- [WHAT YOU HAVE TO DO] Write out nothing except the lines of the entries below, from the first through the one containing "평소에 안동 시내 버스를", exactly and without pictures.
***** PROVIDED ENTRIES
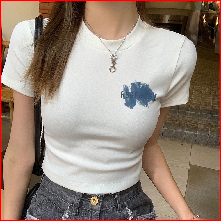 Misco T-shirt Crop Top Y2k Lengan Pendek Baju Kaos Crop Wanita Pola Korea Rbgfgcbv Baju Atasan Wanita Terbaru Croptee Pu
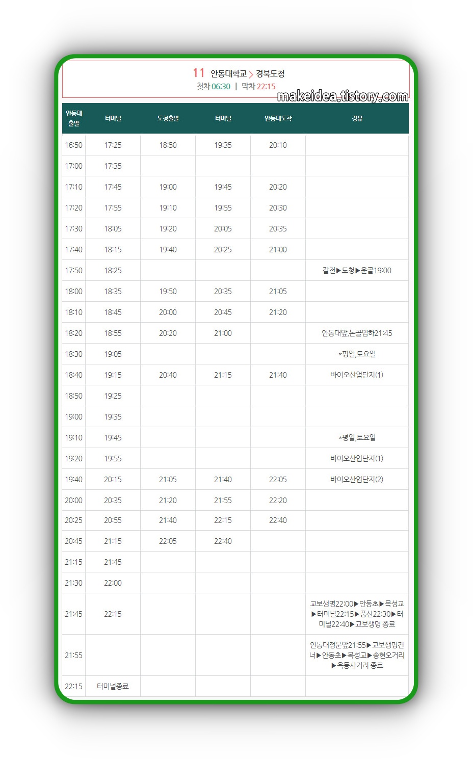 평소에 안동 시내 버스를 이용하는 분들은 매번 버스는 타는 시간이 비슷하기 때문에 문제가 없을 것 같은데, 평소에 안동시내버스를 이용하지 않는 분들은 특히 토요일과 공휴일 시간표를 잘 체크해야 무작정 기다리는 일이 줄어들 것 같다.
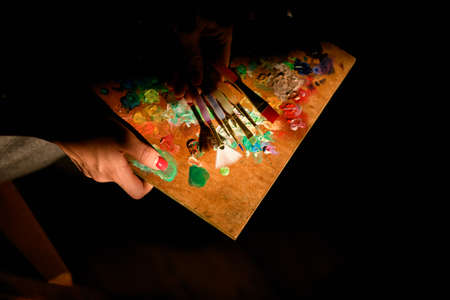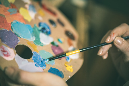 artist painting with acrylic colors and mixing tones on the pallet. blur background abstract photo - vintage effect
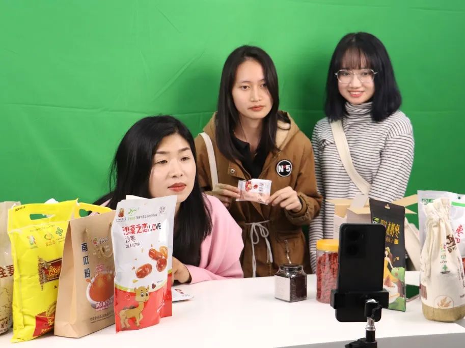 “Hello!我是来自土库曼斯坦的马睿,欢迎大家来到直播间。这是本地的脆红枣,又香又甜,而且很脆,大家都可以买点尝尝!”在青创空间的农特产品直播间,留学生们纷纷为本地农特产品带货。首次化身带货主播,留学生们毫不露怯、格外卖力,积极与网友互动。“Wonderful!喜欢吃红枣的话就进来看看吧,我们在这里等你哦!”“留学生主播”向屏幕前的观众详细介绍产品口味,大力推介甘州本地农特产品。中英文互动翻译、地方特色文化交流、大型试吃现场、观众提问与答疑……各个环节不断把直播间的氛围推向高潮。
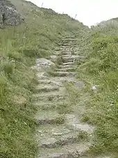 Ранний вид охранной сигнализации — подъездная лестница. Идея заключалась в том, что неожиданное изменение уровня лестницы помешает потенциальным грабителям, заставив их споткнуться в темноте и кого-нибудь разбудить.
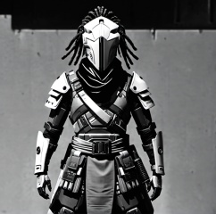weapon, sword, armor, helmet, greyscale, solo, monochrome, katana, sheath, sheathed, 1other, japanese armor, scarf, covered face, shoulder armor, humanoid robot, samurai, science fiction, cowboy shot, standing, cyberpunk, futuristic armor, robot helmet, LED visor, black and white, sci-fi, dystopian, mechanical glove, industrial background, armored gauntlets, dreadlocks, masked figure, augmented reality, cybernetic, arm plating, combat ready, metallic texture, digital art, high-contrast, urban warrior, cyber warrior, pose, cybernetic enhancements, robotic appearance, action figure. ,<lora:机甲-000002:0.6>
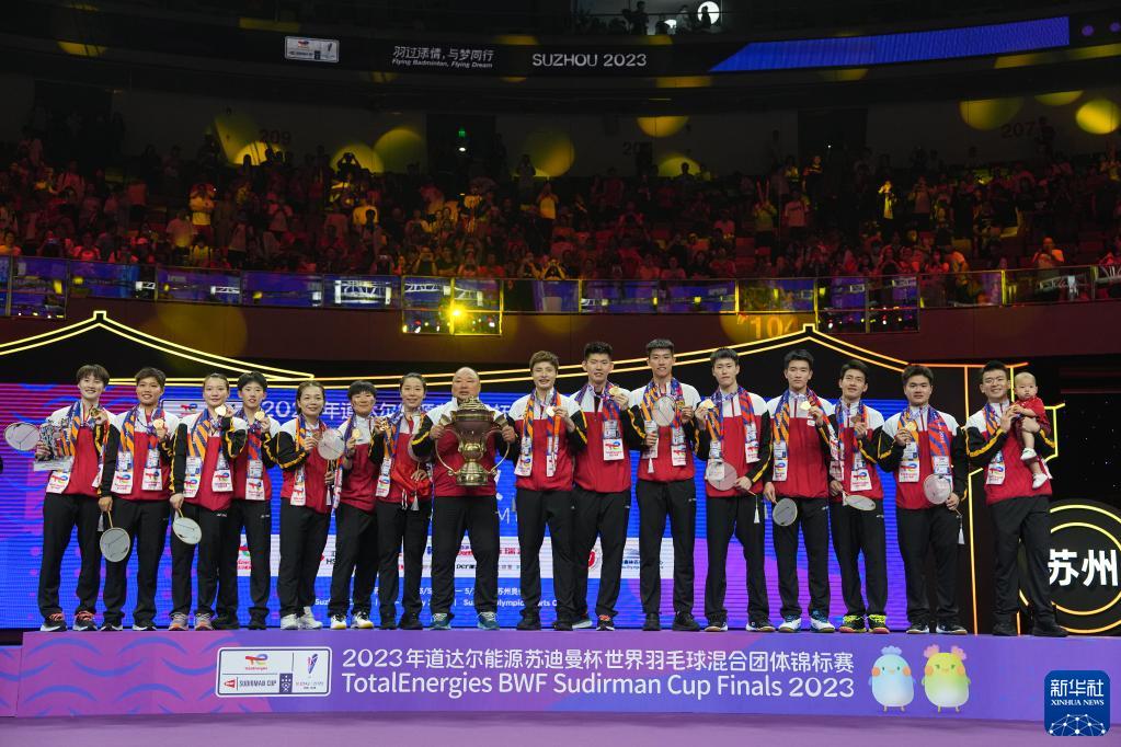 當日,2023年蘇迪曼杯世界羽毛球混合團體錦標賽頒獎儀式在江蘇省蘇州市舉行。中國隊在決賽中以3比0戰勝韓國隊,奪得冠軍。
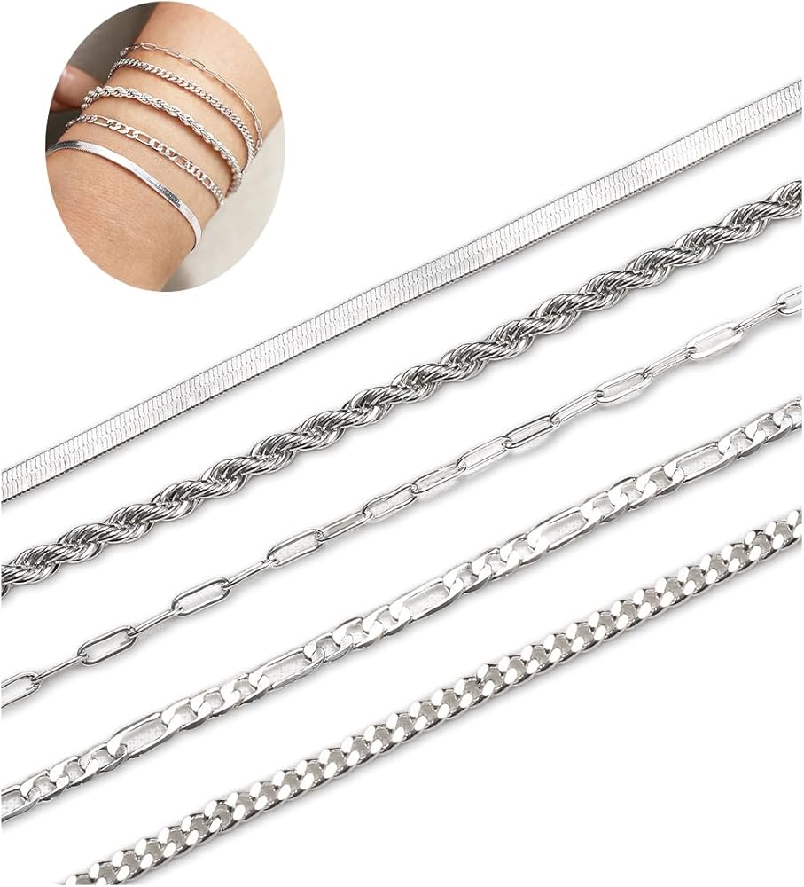 5 Pcs Stackable Bracelets Set for Women: This chain bracelet set includes five distinct chain designs: paperclip, herringbone, figaro, cuban, and twist; Perfect for creating a stylish gold bracelet stack or silver bracelet stack; Ideal for women's jewelry collections, this jewelry set for women offers versatile stackable bracelets to mix and match with your favorite dainty gold bracelets or bead bracelets
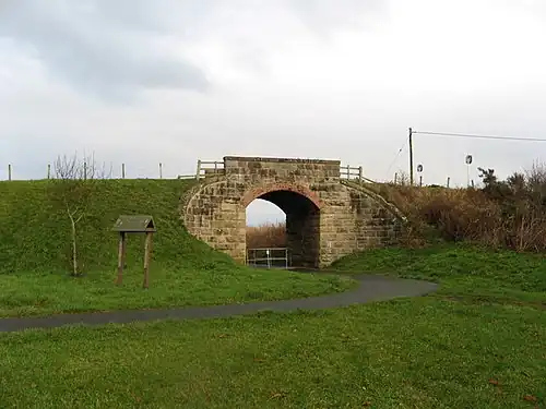 The GNoSR station opened as Garmouth on 12 August 1884[3] and to goods on 5 May 1886[6] with the central section of the coast line, served by through Aberdeen to Elgin trains.[7] In 1923 the Great North of Scotland Railway was absorbed by the London and North Eastern Railway. This company was nationalised in 1948, and services were then provided by British Railways. The station and line was recommended for closure by Dr Beeching in his report "The Reshaping of British Railways"[8] and closed on 6 May 1968.[3][9]
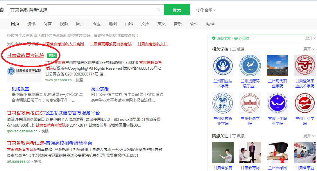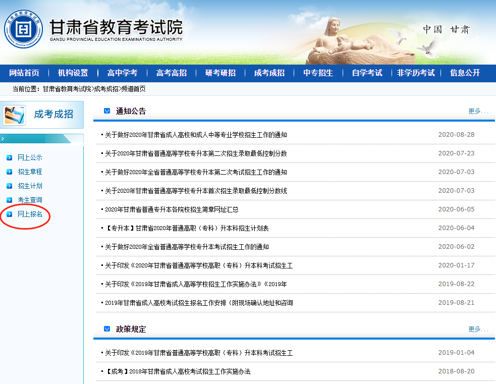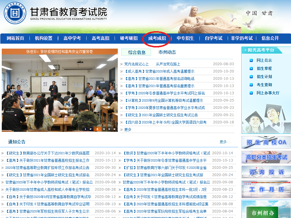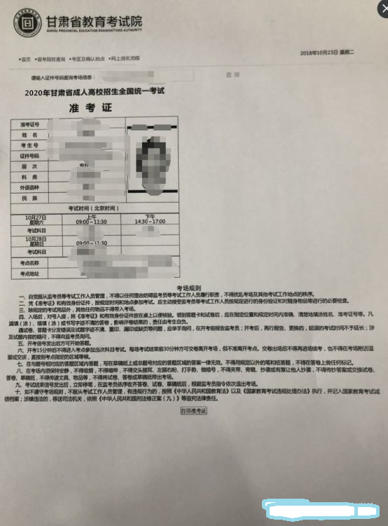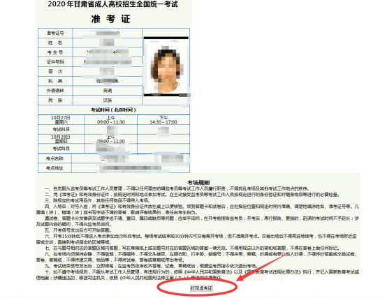 二、新冠肺炎確診病例、無癥狀感染者、疑似患者、確診病例密切接觸者等“四類人員”不得參加考試。三、考生進入考點、考場時不得因為佩戴口罩影響身份識別。考試期間,考生自備口罩。考生在進入考場前必須佩戴口罩,進入考場后建議考生全程佩戴口罩。隔離考場的考生必須全程佩戴口罩。四、考試期間,考生必須嚴格遵守《2020年甘肅省成人高考防疫工作方案》要求和成人高考相關規定,完全服從考點工作人員安排。五、10月21日起,考生登錄甘肅省教育考試院網站自行打印準考證(具體打印流程見第八條)。同時打印《2020年甘肅省成人高考考生安全考試承諾書及身體健康狀況監測表》(見附件2),并簽字確認,于第一場考試時交監考人員。六、考生不得提供身體健康狀況虛假信息。對于隱瞞行程、隱瞞病情、故意壓制癥狀、瞞報漏報健康情況的考生,一經發現,一律不得參加考試,并追究本人及相關人員的責任。七、開考15分鐘后考生不得進入考場,離考試結束前30分鐘方準交卷離場。1、瀏覽器搜索http://www.ganseea.cn/進入甘肅省教育考試院官方網站;
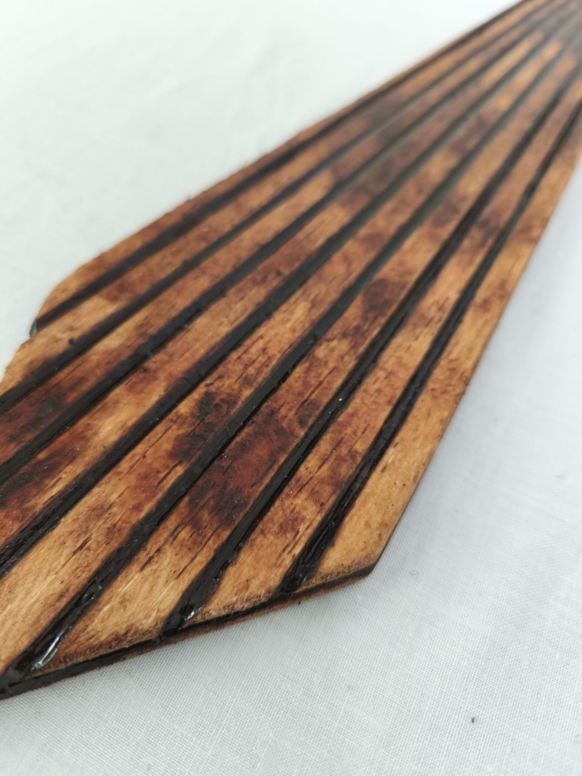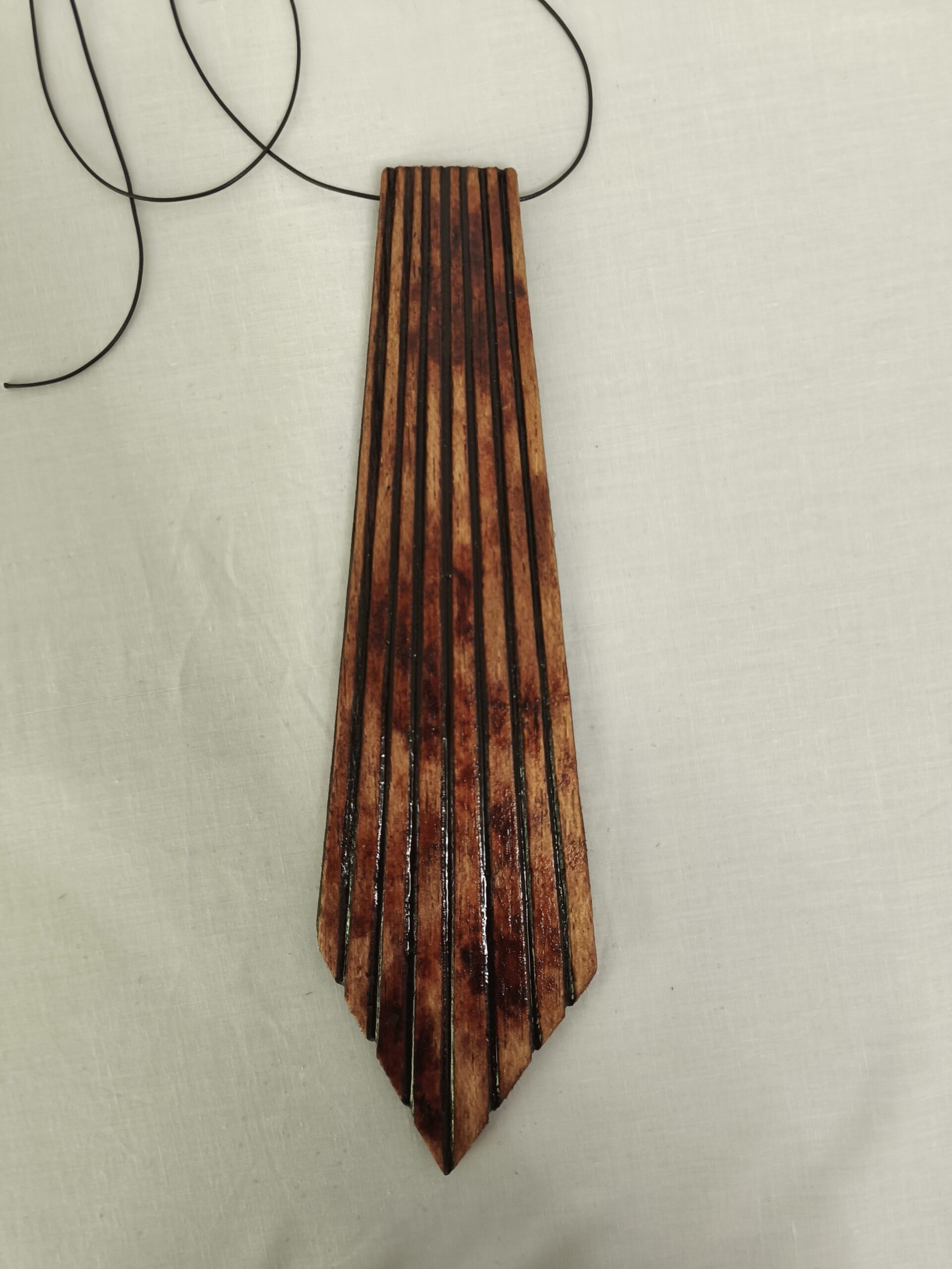 sculpted balsa and varnished with a wooden finish / secured with black string
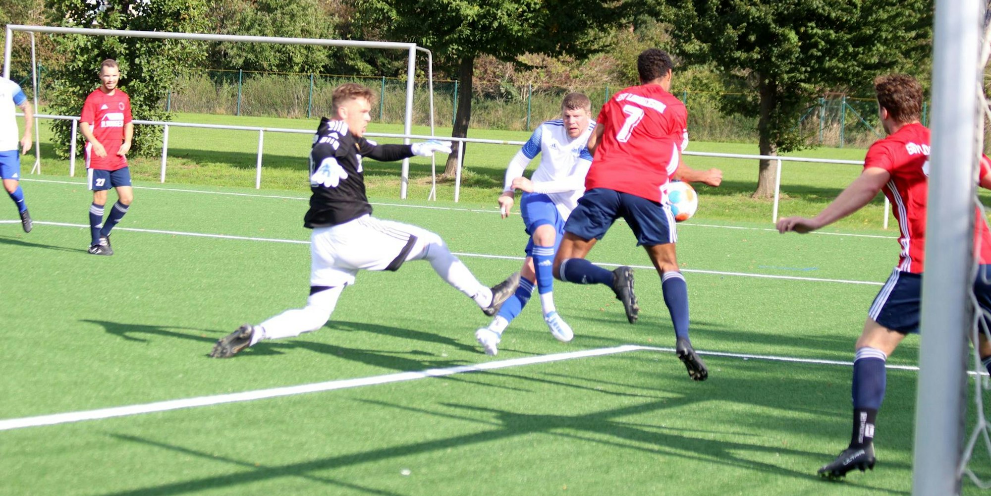 Gleich zweimal sorgten Handspiele für erhitzte Gemüter. In der 35. Minute war Lommersums Torwart Leon Wynen schon geschlagen, als der Ball Joshua Schramm trifft – halb am Bauch, halb am ausgefahrenen Unterarm. Es gab schon für weniger Elfmeter.
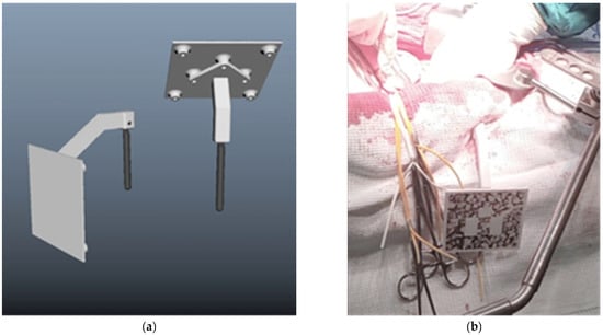 (a) Two configurations of the marker for augmented reality; (b) Sterilized and installed marker of the first (“abdominal”) configuration.
**********
- [RESPONSE]
 Misco T-shirt Crop Top Y2k Lengan Pendek Baju Kaos Crop Wanita Pola Korea Rbgfgcbv Baju Atasan Wanita Terbaru Croptee Pu
 평소에 안동 시내 버스를 이용하는 분들은 매번 버스는 타는 시간이 비슷하기 때문에 문제가 없을 것 같은데, 평소에 안동시내버스를 이용하지 않는 분들은 특히 토요일과 공휴일 시간표를 잘 체크해야 무작정 기다리는 일이 줄어들 것 같다.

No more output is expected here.